--- Provided information Enclosed Below ---
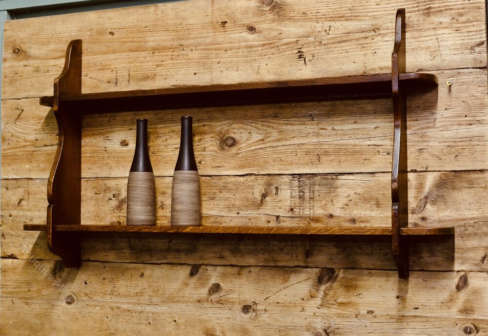 Mid Century Wall Hanging ShelvesThis charming little shelf unit is made in elm it has 2 shelves both have a plate groove
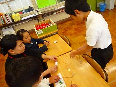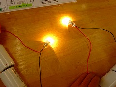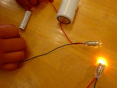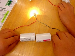 ↓ 3年理科 どうしたら豆電球に明かりがつくか、予想を立てて実験しました。乾電池の数によって、明るさが違うことも発見しました。
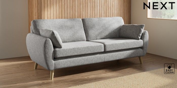 7.3.1 Buy Wilson 3 Seater Sofa Chunky Boucle Easy Clean Light Grey Retro Tapered - Light from the Next UK online shop
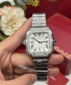 Cartier Santos White Dial Two Tone Large Model Iced Out Moissanite 39.8mm
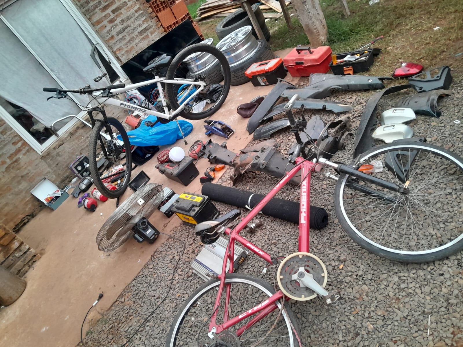 En el procedimiento, arrestaron a Cesar S. de 24 años alias Chino, quien posee un amplio prontuario por delitos contra la propiedad. Además, secuestraron partes de motocicletas, bicicletas, una motoguadaña, baterías de autos, neumáticos, stereos de vehículos, llantas entre otros elementos denunciados como sustraídos.
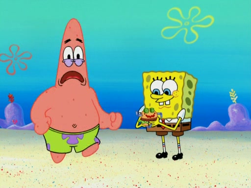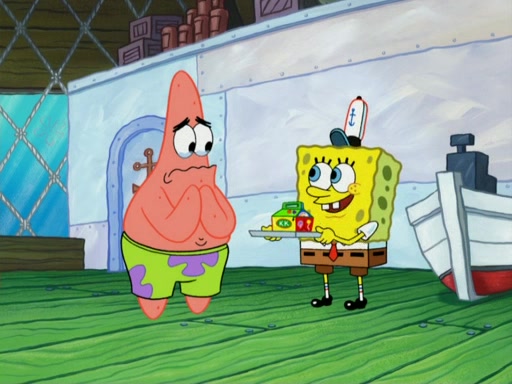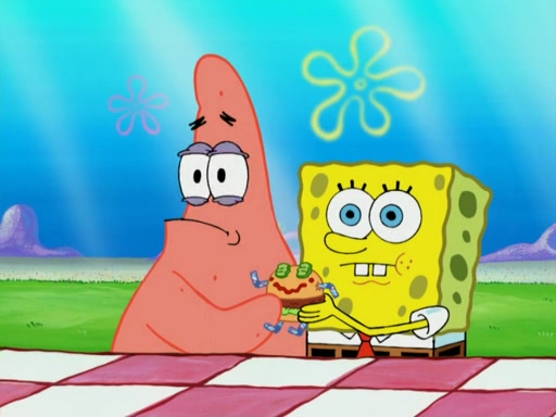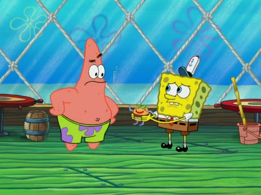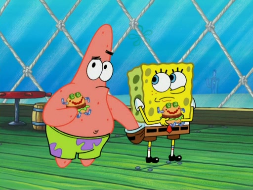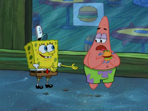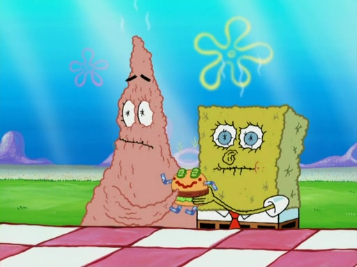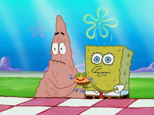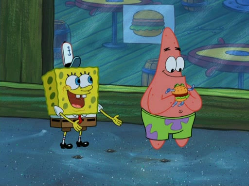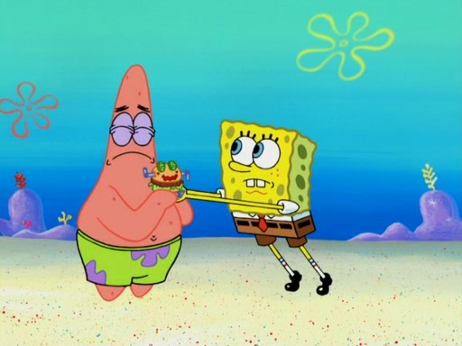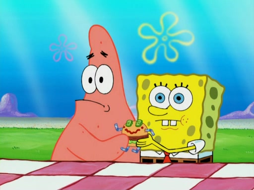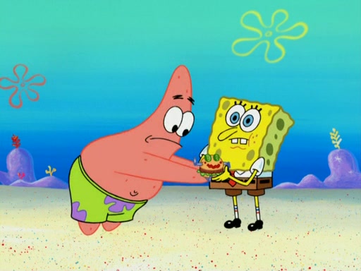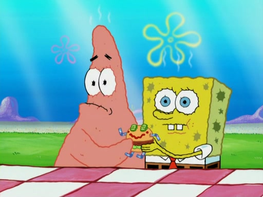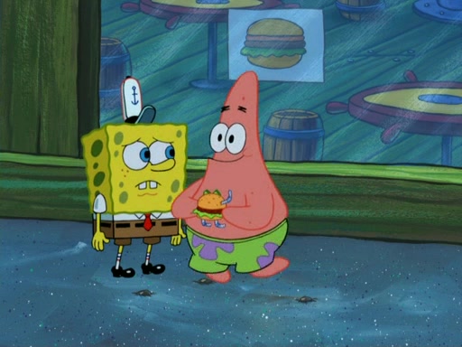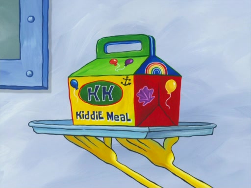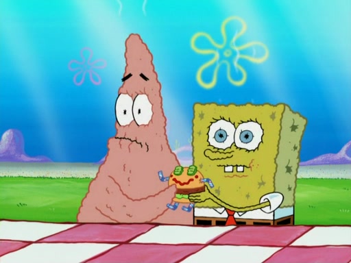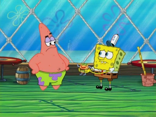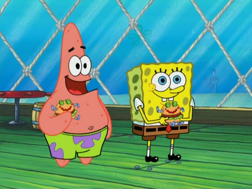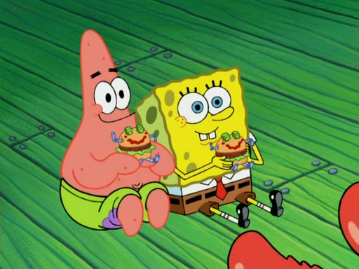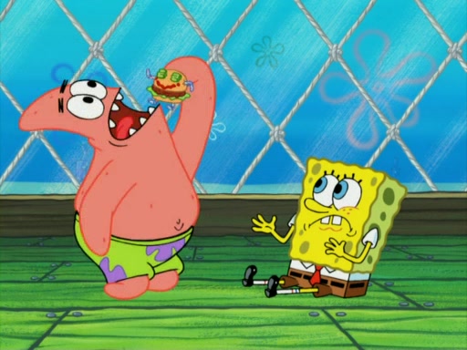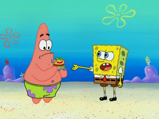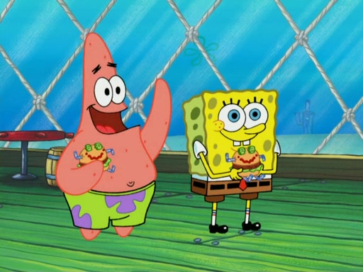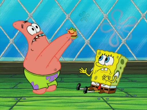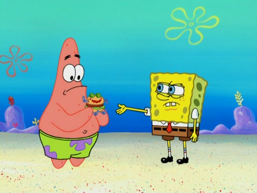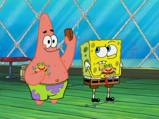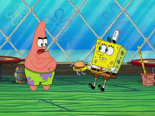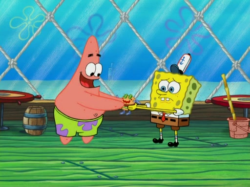 One day, Patrick orders a Krabby Kiddie meal at the Krusty Krab, but since he does not have any money, SpongeBob pays for it. He agrees to share it with SpongeBob, but does not save any of the meal for him. Patrick then wants his money back because his meal did not come with a toy, again despite the fact that SpongeBob paid for it, not him. Mr. Krabs sticks some straws and googly eyes on a Krabby Patty and calls it a Krabby Patty shaped toy, and SpongeBob falls in love with it and names it "Patty Pal." Patrick then reminds SpongeBob that they are sharing this meal, ignoring that he ate it all himself, and takes Patty Pal.
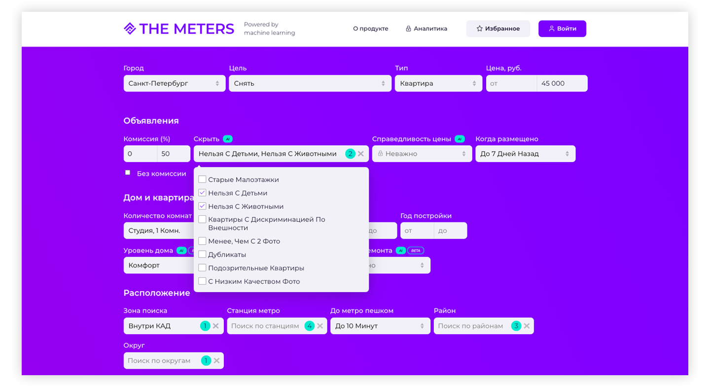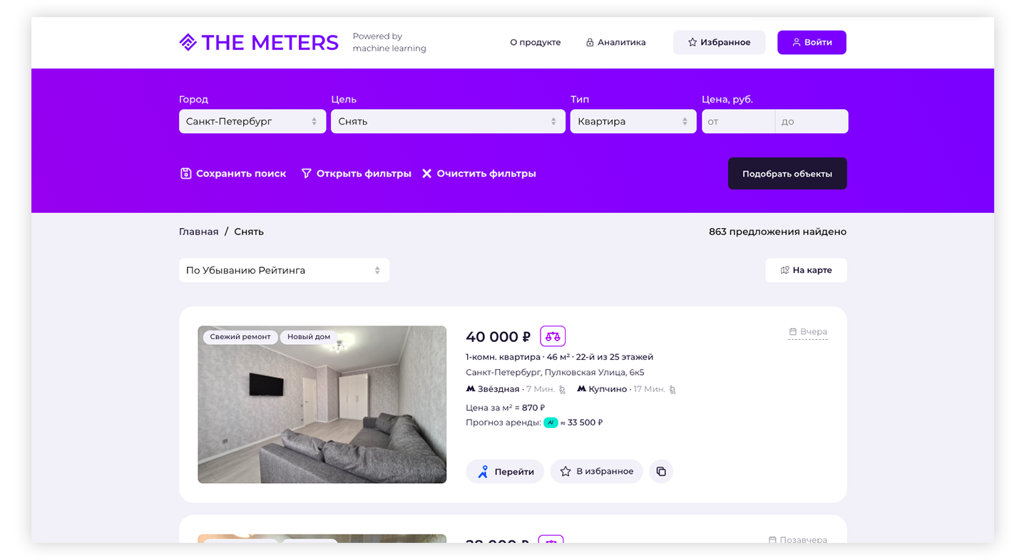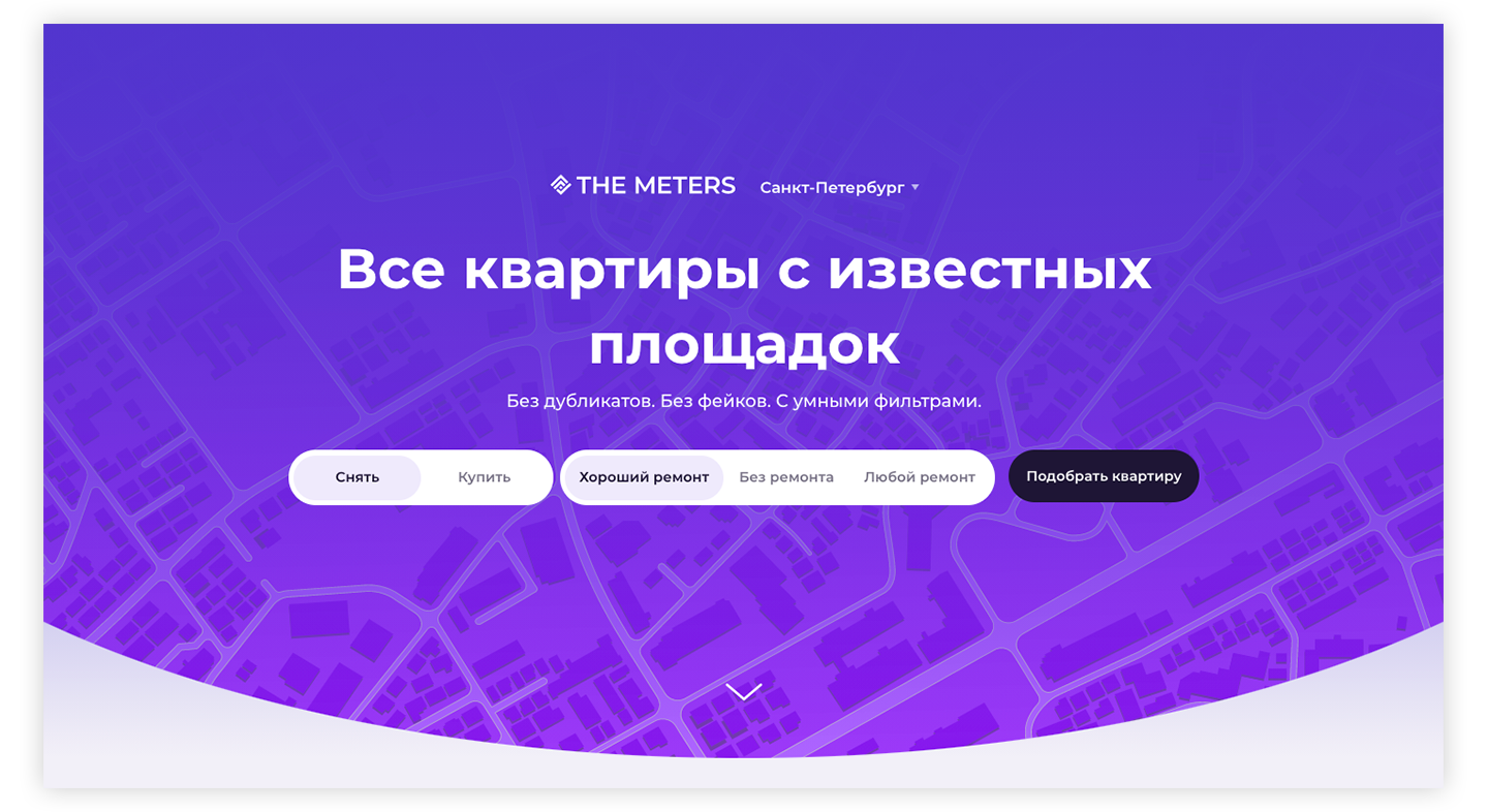 The Meters — маркетплейс для поиска недвижимости, в котором собрана база предложений о продаже и аренде жилплощади из сервисов «Авито», «Циан» и «Яндекс. Недвижимость». Квартиры подбирает искусственный интеллект: он скрывает фейковые и ксенофобные объявления и помогает персонализировать поиск с помощью фильтров.
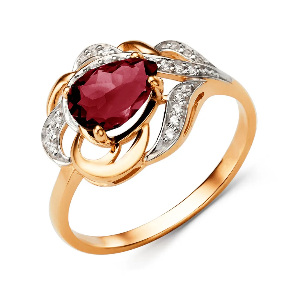 Кольцо из красного золота с гранатом
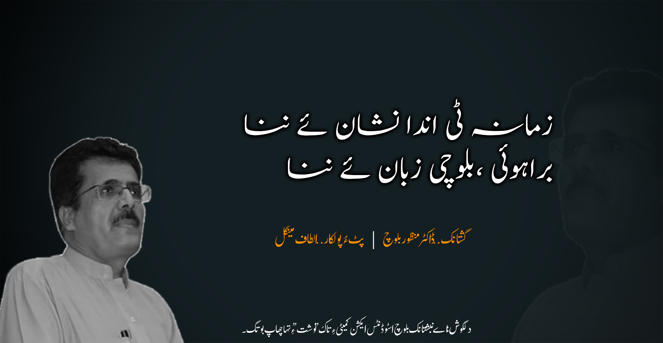 زمانہ ٹی اندا نشان ئے ننا۔۔۔براہوئی،بلوچی زبان ئے نناگشتانک.. ڈاکٹر منظور بلوچ | پٹ ءُپولکار.. الطاف مینگل اے گشتانک پروفیسر ڈاکٹر منظور بلوچ ءَ بلوچ اسٹوڈنٹس ایکشن کمیٹی ءِ اولی کونسل سیشن ءِ سوگندی دیوان ءَ داتگ۔ اے گشتانک ءِ دُرستیں گپ ء ُ ھبر پروفیسر ڈاکٹر منظور بلوچ ءِ …
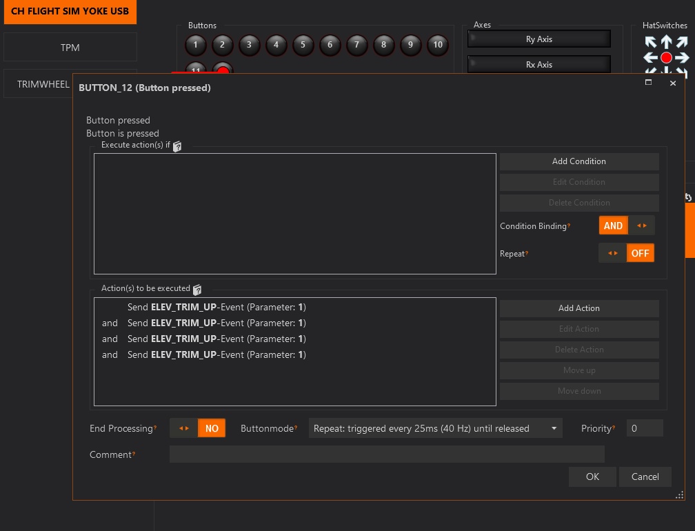 Comportamiento del trim mediante botones
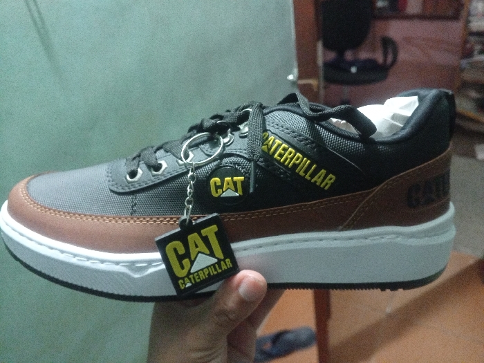 - "A single, new Caterpillar-branded athletic-style shoe is held by a left human hand in an indoor setting" by FM-67jFM2, licensed under CC BY 4.0
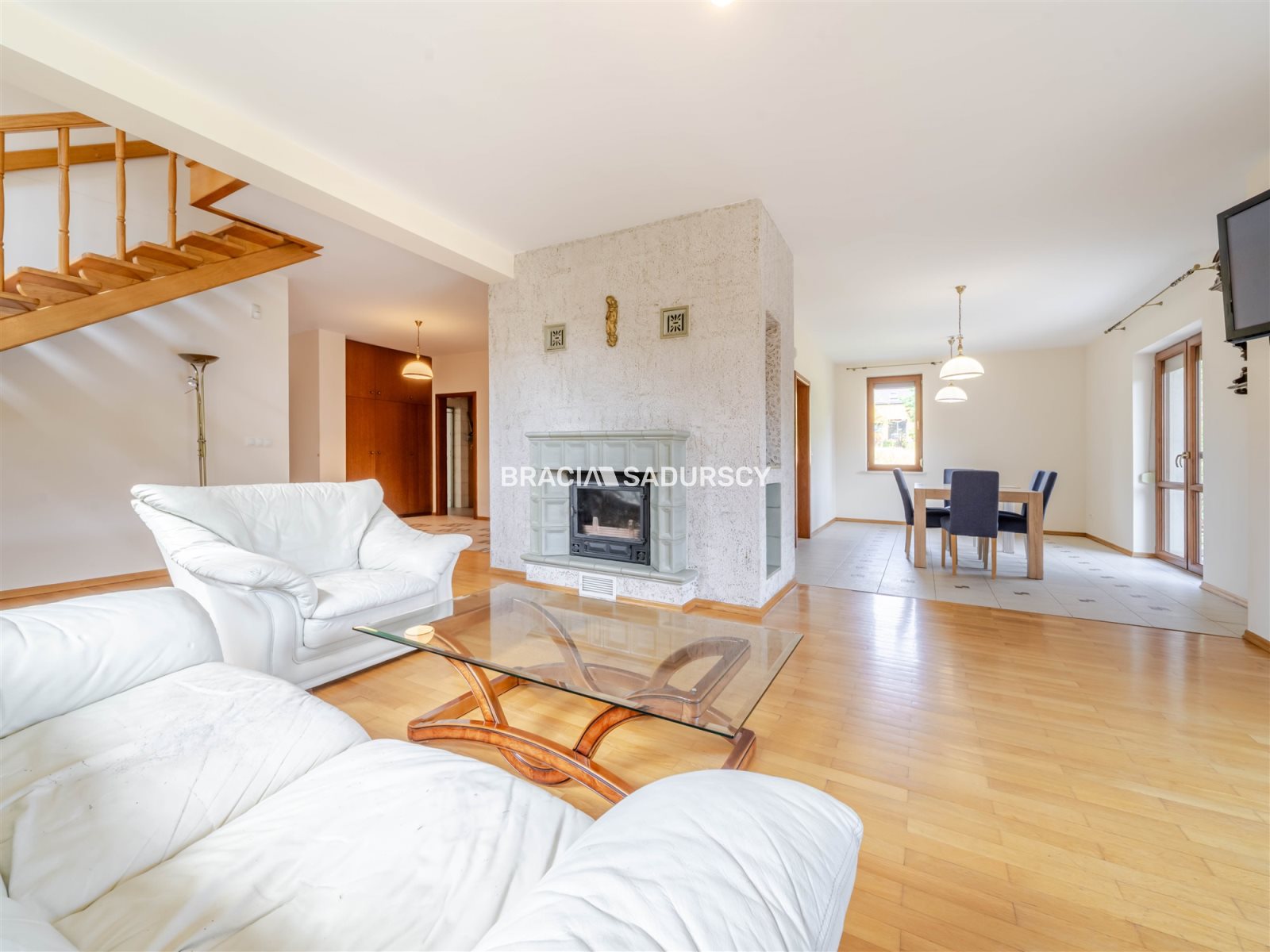 przestronny salon (37,9 m²) z kominkiem
--- End of Enclosed Provided information ---
The task. Write out, word for word, the lines from the start of the data through the one holding "7.3.1 Buy Wilson". Omit pictures.

Reply.
 Mid Century Wall Hanging ShelvesThis charming little shelf unit is made in elm it has 2 shelves both have a plate groove
 ↓ 3年理科 どうしたら豆電球に明かりがつくか、予想を立てて実験しました。乾電池の数によって、明るさが違うことも発見しました。
 7.3.1 Buy Wilson 3 Seater Sofa Chunky Boucle Easy Clean Light Grey Retro Tapered - Light from the Next UK online shop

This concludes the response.